Эволюцию претерпевает тема смерти в двух наиболее знаменитых из папских гробниц. Гробница папы Урбана VIII (1628—1647, Рим, собор св. Петра) воспринимается зримым выражением победы жизни над смертью. Это выражено в мягкости и сочности пластики, радостной декоративной роскоши, а также в монументально-представительном, «цезаристском» решении центрального образа.

Напротив, в надгробии Александра VII (1671—1678, Рим, собор св. Петра) и сама фигура коленопрекло­ненного, погруженного в молитву папы, и гротескное «соло» бронзового скелета, указующего вглубь склепа, делают всю композицию «театром смерти».

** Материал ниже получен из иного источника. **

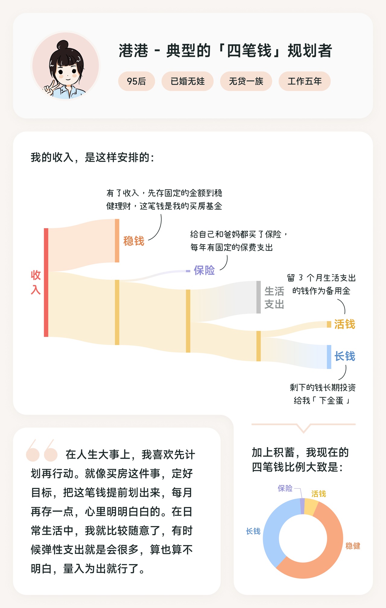 港港:哈哈,首先,我准备买房的那个城市房价没那么高,所以这笔钱可能没有你想象的那么大😂;其次,做计划的时候我就算好了嘛,从积蓄里拿出多少钱,每个月再存多少钱,尽量不影响我现在的生活品质;第三,我老公每个月会给我一笔钱,这也算是我的收入……吧。😁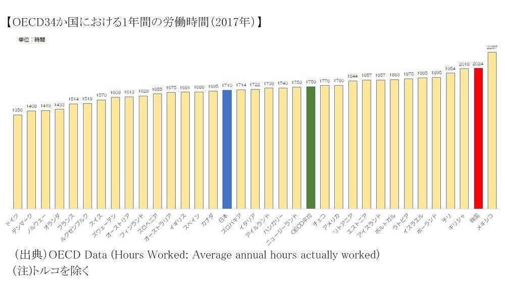 2017年の韓国の年間労働時間は2024時間で、日本は1710時間。
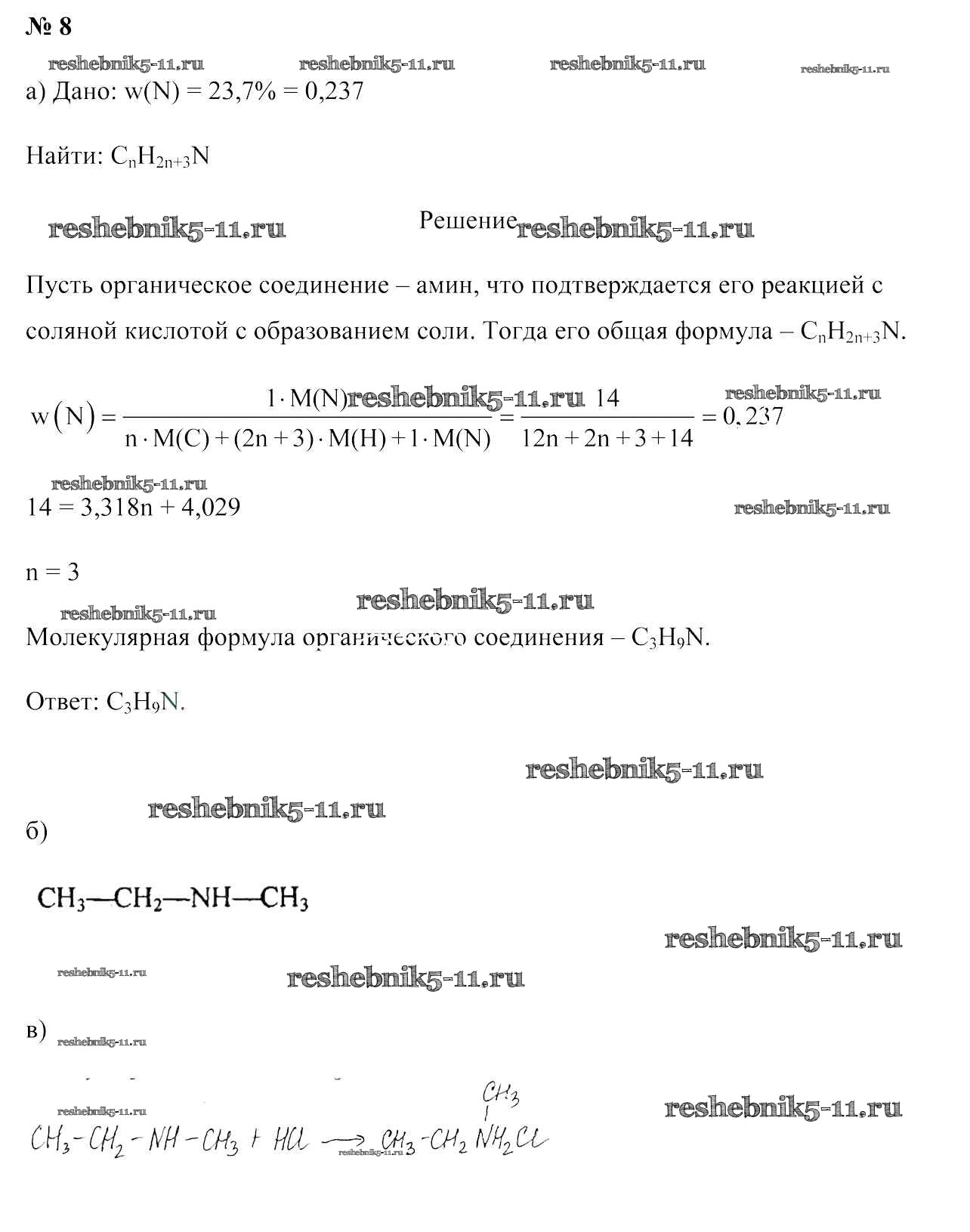 Готовая домашняя работа с ответами по Химии за 10 класс Колевич, Матулис, Варакса Учебник Образование и воспитание 2019 - §46. Химические свойства, получение и применение аминов 8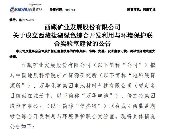 11月14日,西藏礦業(yè)公告稱,擬與中國(guó)地質(zhì)科學(xué)院礦產(chǎn)資源研究所、萬華化學(xué)集團(tuán)電池材料科技有限公司、倍杰特聯(lián)合成立西藏鹽湖綠色綜合開發(fā)利用與環(huán)境保護(hù)聯(lián)合實(shí)驗(yàn)室。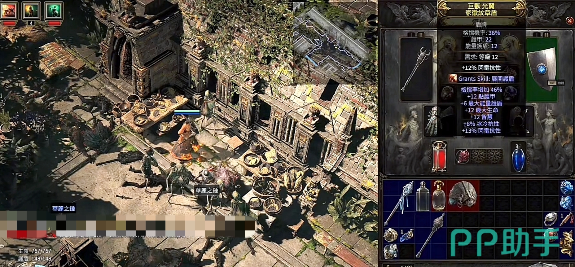 该职业的武器尽量要向带召唤物技能的靠拢,这里所选择的是恶行之曲法杖,所有的友军都能增加点伤的buff,一定要上一个盾牌可以选择巨兽光翼家辉纹章盾,选择需求少,然后格挡概率高的;现在刷怪的时候很容易被卡脚,滚不出去的时候就只能通过格挡来免伤。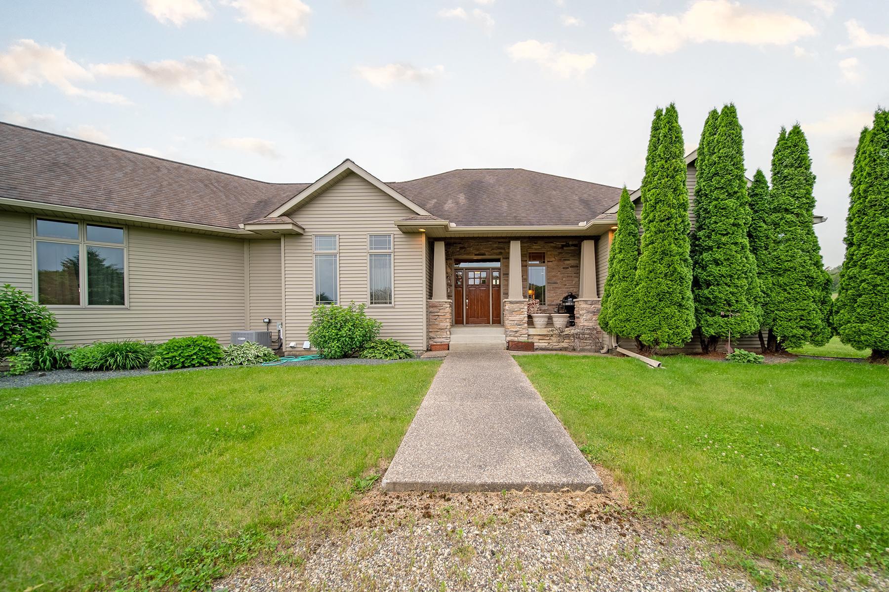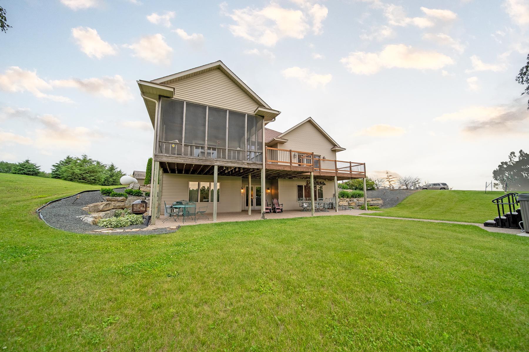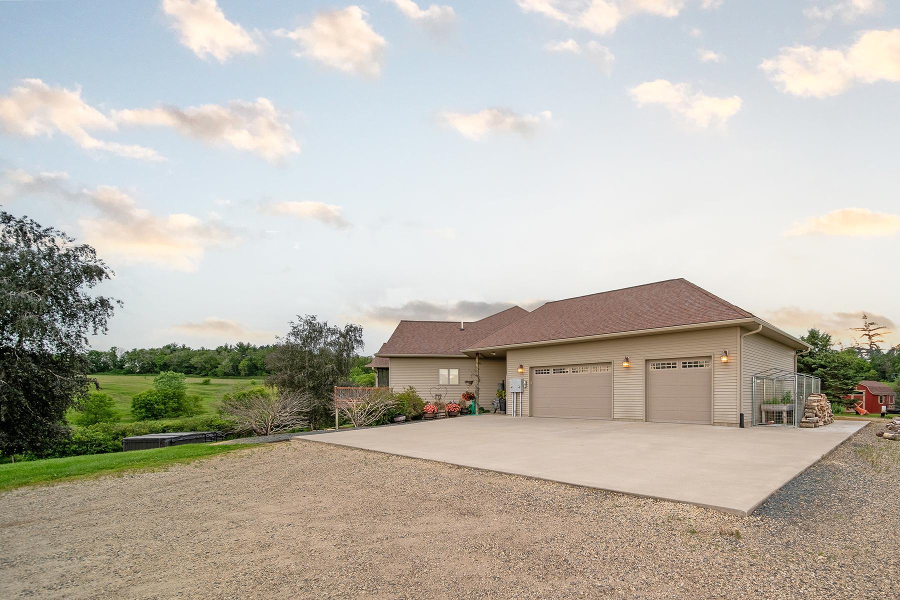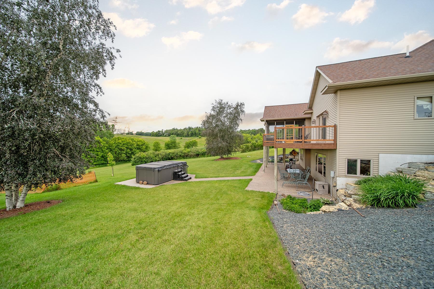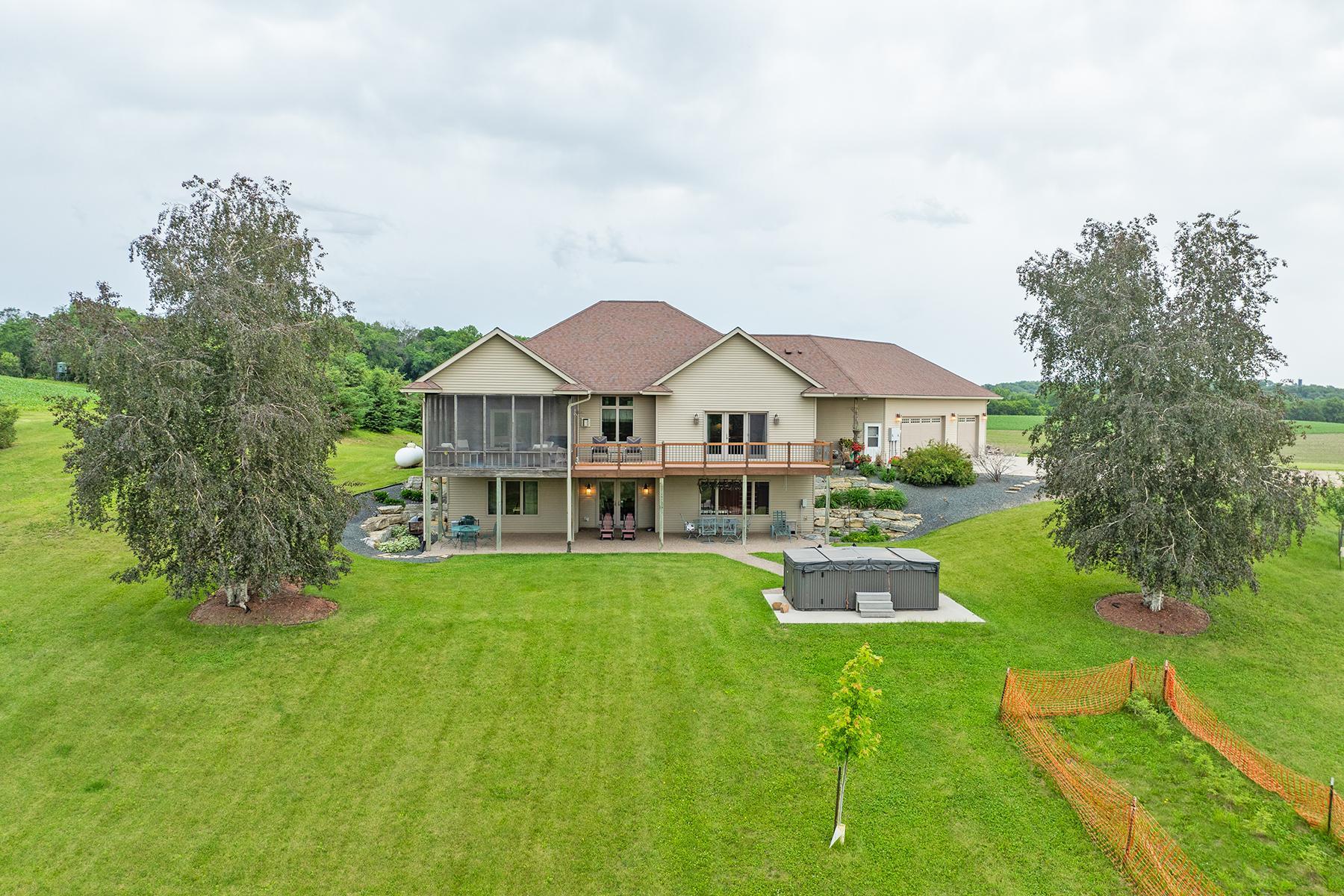 Custom built rambler on 57 acres just outside of Mazeppa! Beautiful country setting with amazing views! Spacious open floor plan with all one level living ! Ten foot ceilings, beautiful mission style trim and doors .- perfect for entertaining family and friends! Start inside and work your way out to the lovely backyard deck enjoying the expansive views - peaceful and quiet! Enjoy coffee in the morning or a glass of wine in the evening in the screened in porch off the master bedroom. Master on the main level and two additional bedrooms on the lower level of the home. A cozy fireplace in the main level living room and enjoy in floor heat in the lower level and garage! Second kitchen area/bar in the lower level walkout! Enjoy a night with friends around the bonfire or in the salt water chemical free swim spa! The land consists of 13 acres that could be fenced for cattle (fence posts are there - just needed fencing), 35 acres of crop land and approximately 10 acres of woods! Must see to appreciate all this home has to offer.

Скульптурное оформление собора св. Петра, так же как и площадей и улиц Рима (фонтаны, статуи на колоннаде площади св. Петра и на мосту св. Ангела, 1669—1671; слон с обелиском возле Пантеона, 1666— 1667), было для Бернини делом всей его жизни и продолжалось с перерывами почти полвека (1620— 1670).

Так называемая «Кафедра св. Петра» — украшение алтарной апсиды храма, дает яркое представление о поздней фазе творчества великого скульптора, о заключительном этапе развития барочной пластики и стиля итальянского барокко 17 века вообще. Грандиозное сооружение из цветного мрамора, бронзы и золоченой лепнины являет глазу зрелище парящего в облаках трона наместника Христа, который поддерживают снизу четыре огромных фигуры отцов церкви в пышных облачениях, а наверху осеняет свет божественной «глории», имитиру­емый естественным светом из окна и снопами расходящихся в стороны металлических лучей, испус­каемых сонмом крылатых ангелов, окружающих изоб­ражение голубя св. Духа. Вся композиция пронизана единой волной экстаза-ликования, она поражает неисчерпаемой множественностью и разнообразием физического и эмоционального движения, сплавляющегося в итоге в некое подобие живого, пульсирующего, переливающегося от формы к форме растительного орнамента.

В фигурах святых, где отдельная статуарная форма и индивидуальный образ оказыва­ют определенное сопротивление воздействию всерастворяющей стихии, возникает особенно заметное, парадоксально острое, экспрессивное перенапряже­ние и прямое искажение естественного бытия тела, такое расширение его выразительных возможнос­тей, которое ставит его на грань разрушения. Автор создает не скульптурный, а живо­писно-музыкальный эффект создания.